Nabucco projesi Karabağ sorununun ipoteğinde

Barçın Yinanç - karabag
, , ,

Barçın Yinanç

Türkiye-Azerbaycan ilişkilerinde esen fırtınanın şiddeti azalmış görünüyor. Ancak Azerbaycan’daki güven bunalımının şiddetinin kısa vadede kolay kolay azalacağını söylemek zor. İki ülke arasında ifadesini “tek halk iki devlet” şeklinde bulan güven ilişkisi büyük bir darbe aldı. Aslına bakarsanız, güven bunalımının Azerbaycan ile Türkiye yerine, Aliyev yönetimi ile AK Parti hükümeti arasında yaşandığını söylemek daha doğru olur. Zira son dönemlerde Azeri basınında çıkan eleştiriler devleti değil, AK Parti hükümetini, özellikle de Başbakan Recep Tayyip Erdoğan’ı hedef almaya başlamıştı.

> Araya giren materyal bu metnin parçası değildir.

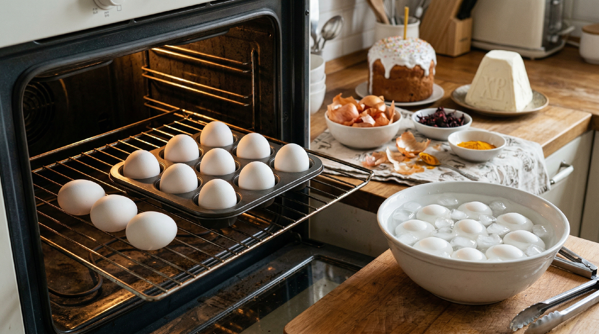 После разговора с подругой я полезла искать информацию. Оказалось, что метод приготовления яиц в духовке — вовсе не какая-то экзотика. Им пользуются многие, особенно за рубежом, где на Пасху тоже красят яйца и тоже сталкиваются с проблемой больших объёмов. Принцип простой до невозможности: яйца раскладываются прямо на решётку или в формы для маффинов и ставятся в разогретую духовку.

Bu güven bunalımının özellikle Türkiye ile Ermenistan arasında yapılan görüşmelerle ilgili olarak Bakü’nün karanlıkta bırakılmasından kaynaklandığı anlaşılıyor.
İlginçtir, şimdiye kadar Türkiye’ye yönelik suçlamalar basın üzerinden yapılırken son günlerde Azeri yetkililer, hükümetin tutumundan duydukları rahatsızlığı saklamaz oldular. Örneğin geçen günlerde Azerbaycan Diplomasi Akademisi’nde bir konuşma yapan Dışişleri Bakan Yardımcısı Aras Azimov Türk-Ermeni ilişkilerinin normalleşmesinin şartlarını içeren belgelerin kendileriyle paylaşılmadığından yakındı. Ermenistan’la yürütülen Yukarı Karabağ müzakerelerinden sorumlu olan Azimov, “Üzücü olan şu ki biz bu belgelerin varlığını ve içeriğini Minsk Grubu’ndan öğrendik” dedi. Yukarı Karabağ sorununun çözümü için AGİT içinde oluşturulan Minsk Grubu’nda Ruslar ve Fransızlar da var. Azimov yabancı ülke diplomatları ve sivil toplum kuruluşlarının temsilcilerine açık olan toplantıda Ankara’ya Türk-Ermeni görüşmeleri ile Türk- Azeri görüşmelerini koordine etmeyi önerdiklerini, ancak bu önerinin reddedildiğini de söyledi. Benzer şekilde sınırın açılmasının ne zaman ve hangi şartlarda olacağına dair ortak bir anlayış oluşturma önerisi de Ankara’da kabul görmemiş.
Türk tarafı, “Biz Ermenilerle yaptığımız görüşmelerden Azerileri haberdar ediyoruz” diyor. Azeri tarafı ise “Ermenilerle ne görüşülüyor bilmiyoruz” diyor.
Kapalı kapılar ardında nelerin yaşandığını, kimin doğru söyleyip kimin kamuoyunu yanılttığını belki bu aşamada tam anlamıyla tespit etmek mümkün değil. Ancak şu bir gerçek ki, haberli ya da habersiz olsun, Azeriler kızgın.
 
‘Gaz için en uygun altyapı Ruslarda’

Bu arada Azerilerde oluşan güven bunalımının ne derece kalıcı olduğunu test etmemizi sağlayacak bir konu önümüzde duruyor: Nabucco projesi. Bu proje ciddi şekilde darbe almış durumda. Azerbaycan’ın, Yukarı Karabağ sorununun çözümünde ilerleme sağlanmadan, gazını Nabucco projesine tahsis etmesi bu aşamadan sonra çok zorlaştı. Zira, Aliyev’in Yukarı Karabağ’da ilerleme olmadan, Türk-Ermeni sınırının açılmasını önlemek için kullanabileceği tek koz bu. Aliyev’in Nabucco konusunda kendisiyle temaslarda bulunan Avrupalı yetkililere, Bakü-Tiflis-Ceyhan hattının aslında çok da kârlı olmadığını, gaz ve petrolü uluslararası piyasalara ulaştırmanın en ucuz yolunun Rusya’dan geçtiğini, zira bütün altyapının eksiksiz olarak Azeri sınırından itibaren başladığını söylemesi hayra alamet değil. Bu aralar Kafkaslar’daki gelişmeler sadece Dışişleri değil Enerji Bakanlığı’nın da başını ağrıtıyor olsa gerek.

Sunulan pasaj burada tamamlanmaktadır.